I’ve found LDMicro’s 2020 Virtual Event a treasure trove of new ideas. The event features dozens of companies pitching their thesis. If you’re interested, check out the link here.
Investor Spotlight: Q1 Letters Round One
We’re off to the races in our Q1 Investor Letter series. We’re starting with O’Shaughnessy Asset Management. The letter dives into Blizzards, Winters and Ice Ages. Each environment has its own characteristics, opportunities and challenges.
Let’s break ‘em down.
Blizzards, Winters and Ice Ages
- Blizzard: Defined by extreme volatility and uncertainty—and we’ve had historic amounts of both since February 20th. To survive a blizzard you must focus on placing each foot in front of the other.

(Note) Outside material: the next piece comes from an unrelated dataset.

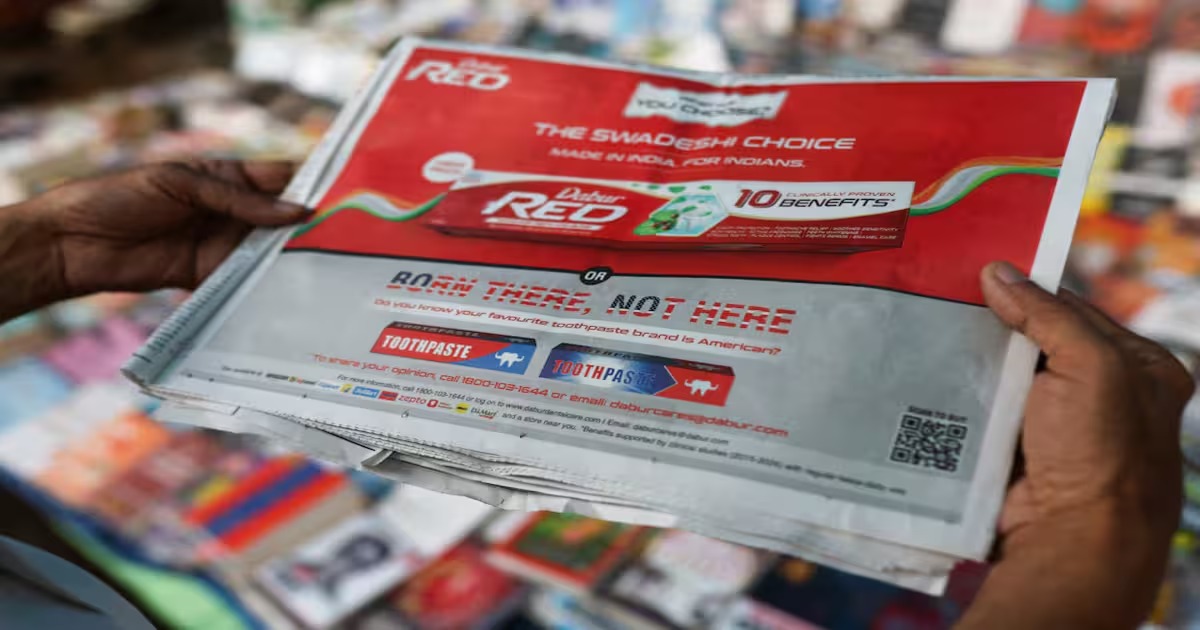 $11 ಬಿಲಿಯನ್ ಮೌಲ್ಯದ ಗ್ರಾಹಕ ಸರಕುಗಳ ಕಂಪನಿ ಡಾಬರ್, ಈ ವಾರ ಕೋಲ್ಗೇಟ್ ಪ್ಯಾಕೇಜಿಂಗ್ ಅನ್ನು ಹೋಲುವ ಬ್ರಾಂಡ್ ಮಾಡದ ಟೂತ್ಪೇಸ್ಟ್ ಪ್ಯಾಕ್ಗಳ ಫೋಟೋಗಳನ್ನು ಹೊಂದಿರುವ ಮುಖಪುಟದ ಜಾಹೀರಾತನ್ನು ನೀಡಿದೆ. ಅದರ ಪ್ರತಿಸ್ಪರ್ಧಿಯನ್ನು ಹೆಸರಿಸದೆ, ಭಾರತದ ನೆಚ್ಚಿನ ಟೂತ್ಪೇಸ್ಟ್ ಬ್ರ್ಯಾಂಡ್ ಅಮೇರಿಕನ್ ಮತ್ತು ಡಾಬರ್ “ಸ್ವದೇಶಿ” ಆಯ್ಕೆಯಾಗಿದೆ ಎಂದು ಜಾಹೀರಾತು ಹೇಳಿದೆ.

Step-by-Step Navigation of Blizzards (according to OSAM):
- Executing your plan and/or process
- Reigning in leverage (if applicable)
- Avoiding blunders in confusion
- Winter: Sustained period of equity market drawdown and negative economic growth and rising unemployment—an economic recession.
What Happens During Winter: Cost structures change and weak hands (even considering bailouts or loans) fold.
But according to OSAM, winters are the best times to invest in equities.
The Idea of Integrated Equity Valuation
Patrick notes that traditional methods of valuing stocks might not work in the post-COVID world. Why? Company fundamentals could be that bad. His solution? Integrated Equity Valuation.
Here’s OSAM’s definition of Integrated Equity: all capital retained and reinvested by companies, properly adjusted for inflation.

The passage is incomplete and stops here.